[Work instructions]: Print the lines below from the line with "Design Profile: The" to the line with "Cabinet Mark BARN" exactly, keeping both ends, and print no pictures.

--- Supplied records ---

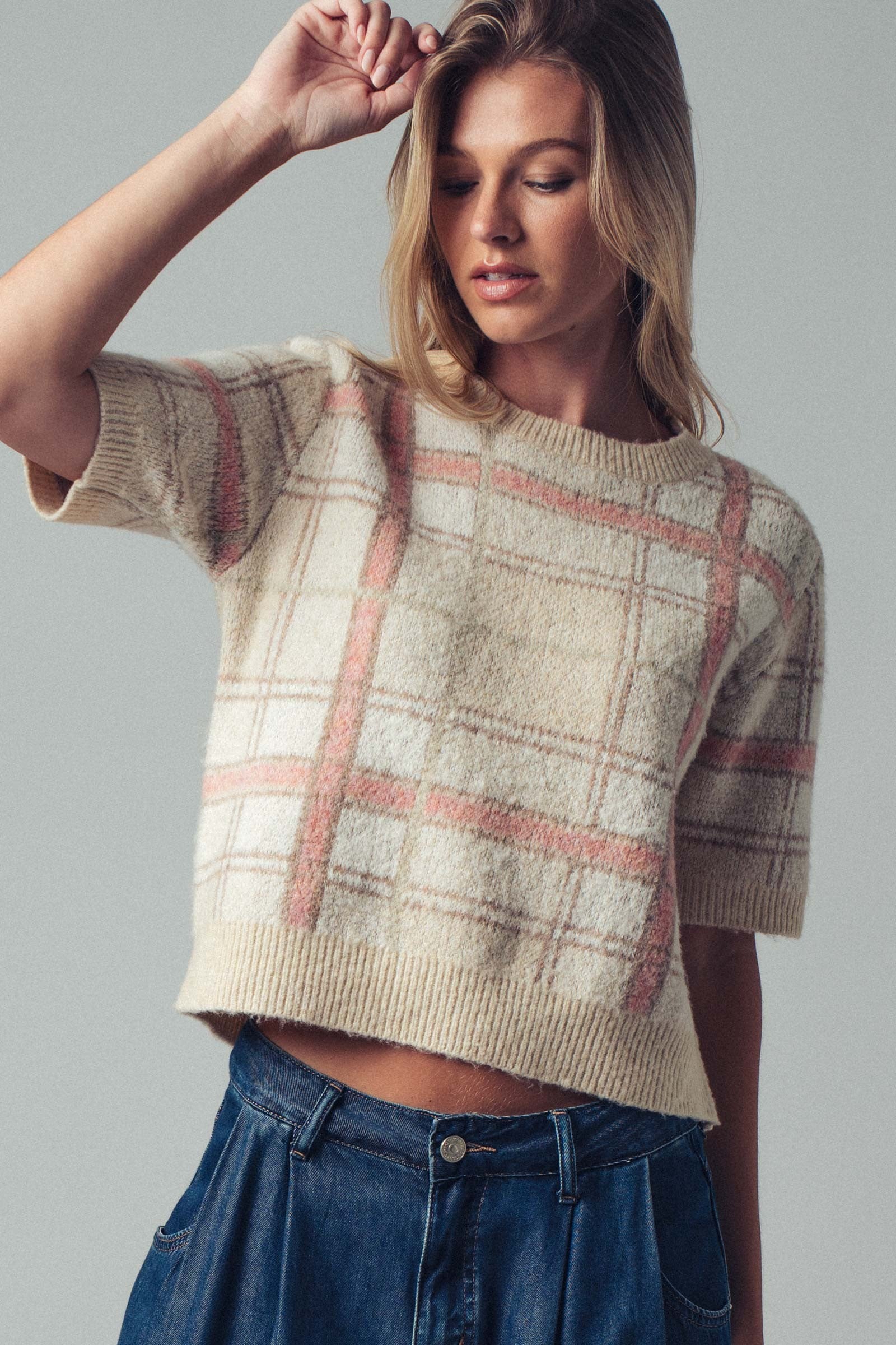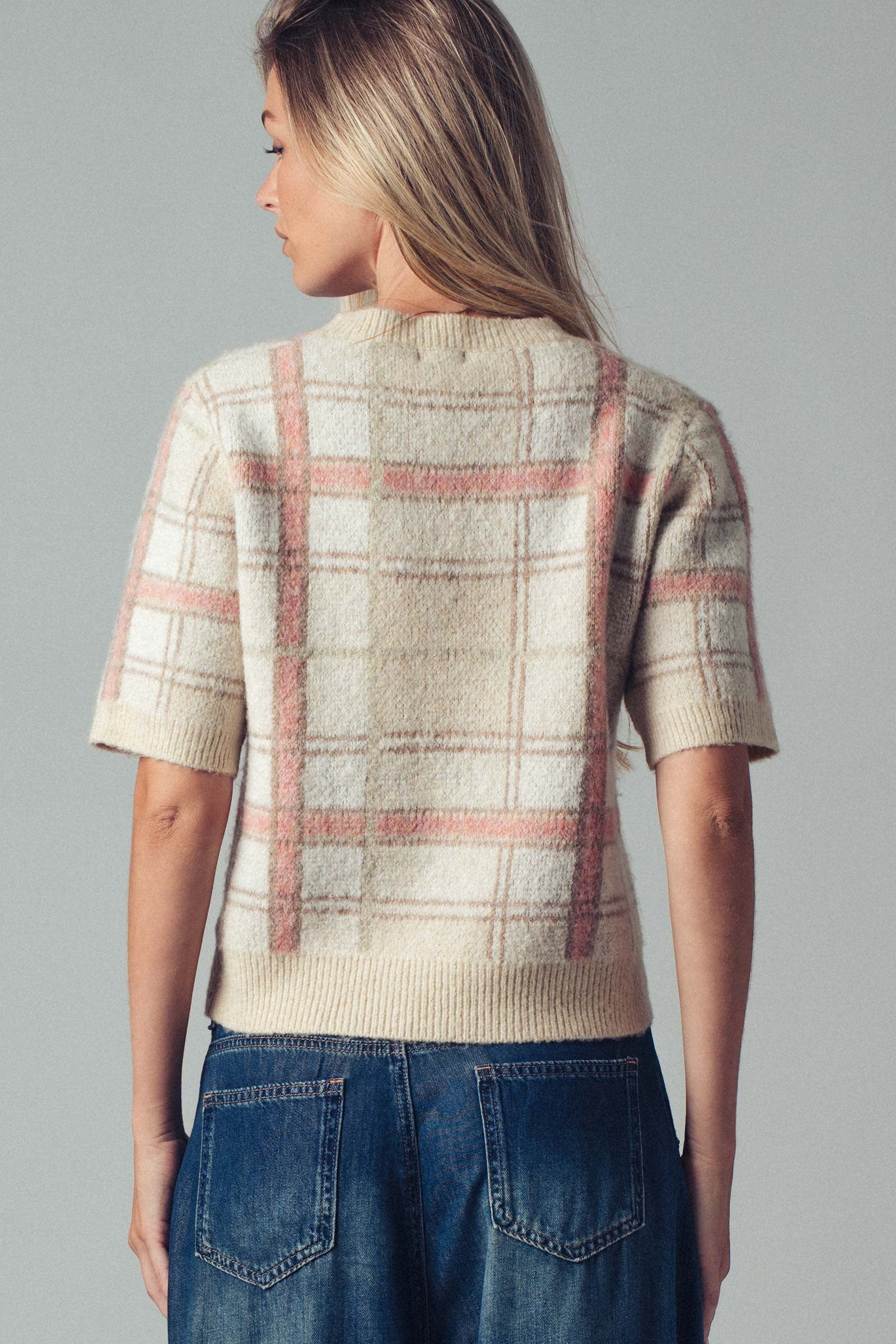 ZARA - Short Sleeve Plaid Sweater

---
--- Supplied records ---

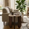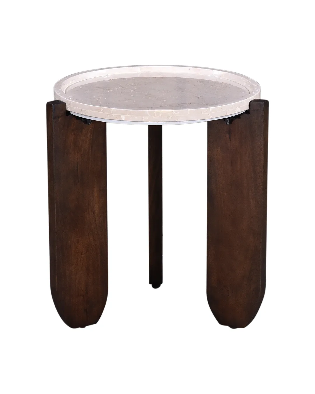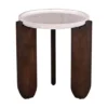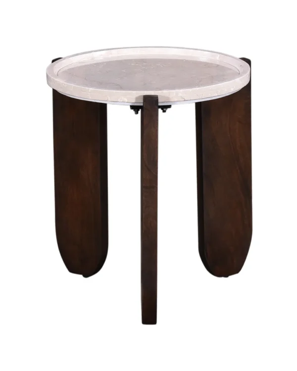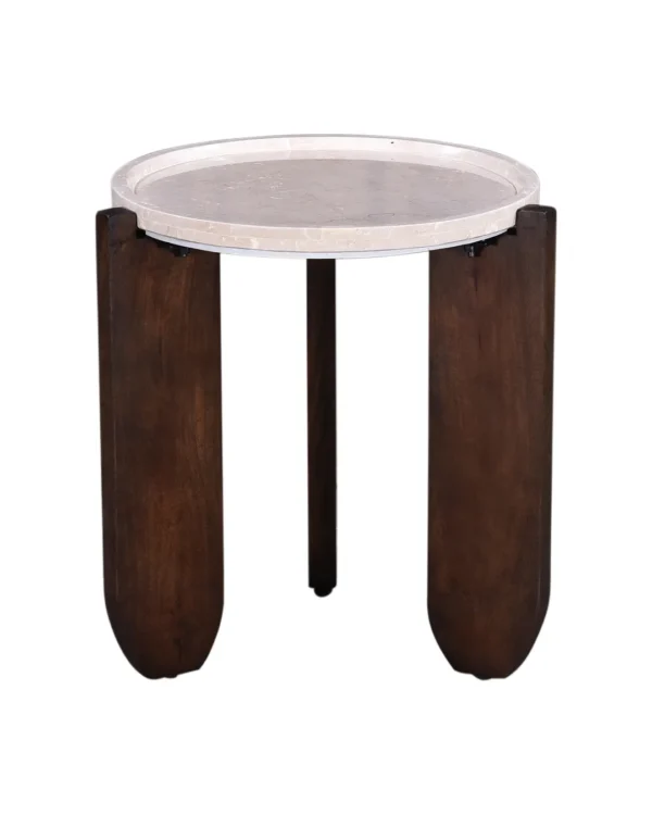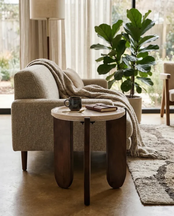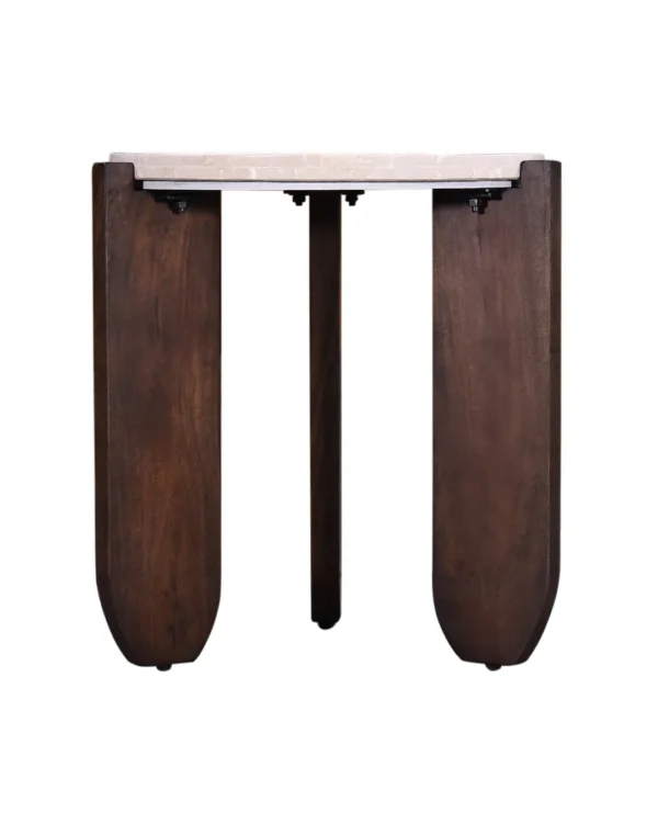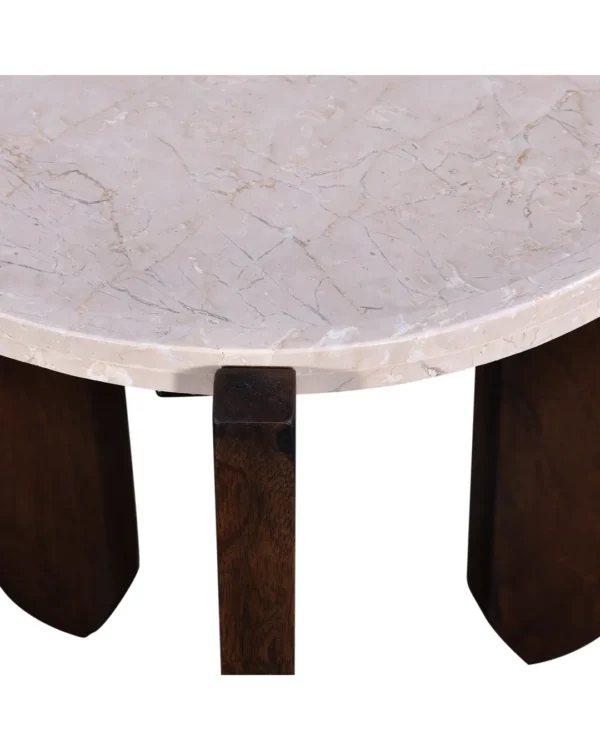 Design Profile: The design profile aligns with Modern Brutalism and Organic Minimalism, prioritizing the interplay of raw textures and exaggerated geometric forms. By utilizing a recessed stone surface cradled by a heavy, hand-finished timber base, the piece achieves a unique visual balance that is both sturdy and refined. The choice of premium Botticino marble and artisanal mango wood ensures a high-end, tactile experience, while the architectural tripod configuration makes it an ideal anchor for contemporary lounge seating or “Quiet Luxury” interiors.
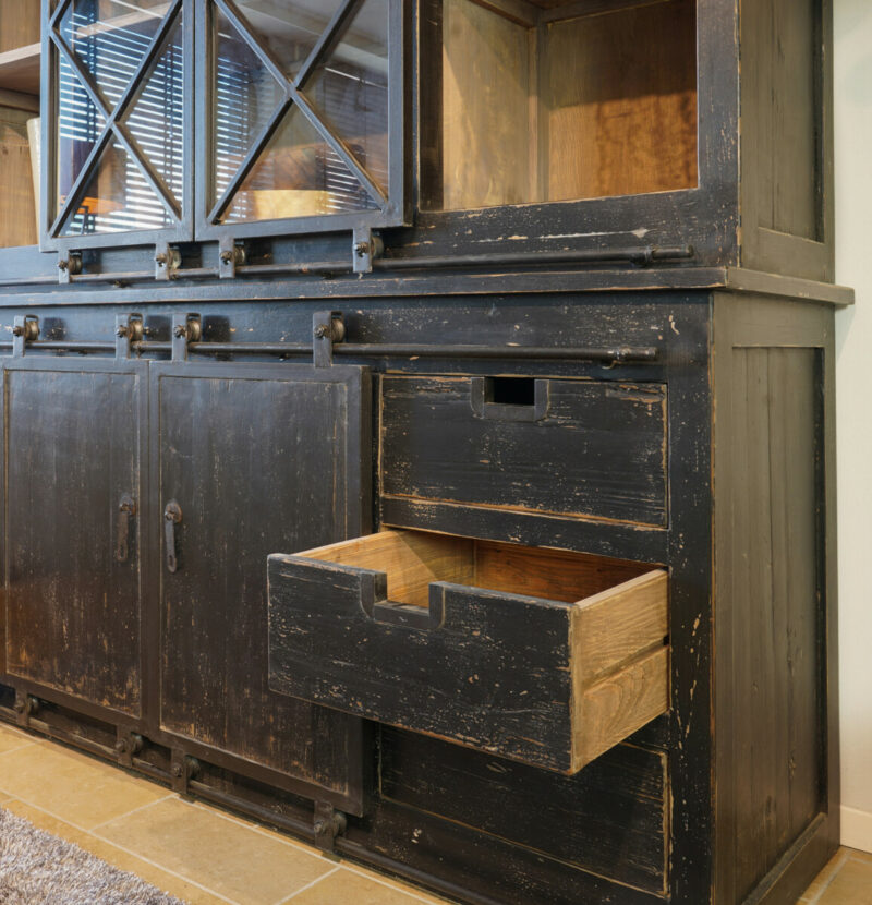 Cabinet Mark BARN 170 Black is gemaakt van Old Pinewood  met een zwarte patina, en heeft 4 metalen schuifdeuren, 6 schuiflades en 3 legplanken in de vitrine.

---

[Answer to this problem]:
 Design Profile: The design profile aligns with Modern Brutalism and Organic Minimalism, prioritizing the interplay of raw textures and exaggerated geometric forms. By utilizing a recessed stone surface cradled by a heavy, hand-finished timber base, the piece achieves a unique visual balance that is both sturdy and refined. The choice of premium Botticino marble and artisanal mango wood ensures a high-end, tactile experience, while the architectural tripod configuration makes it an ideal anchor for contemporary lounge seating or “Quiet Luxury” interiors.
 Cabinet Mark BARN 170 Black is gemaakt van Old Pinewood  met een zwarte patina, en heeft 4 metalen schuifdeuren, 6 schuiflades en 3 legplanken in de vitrine.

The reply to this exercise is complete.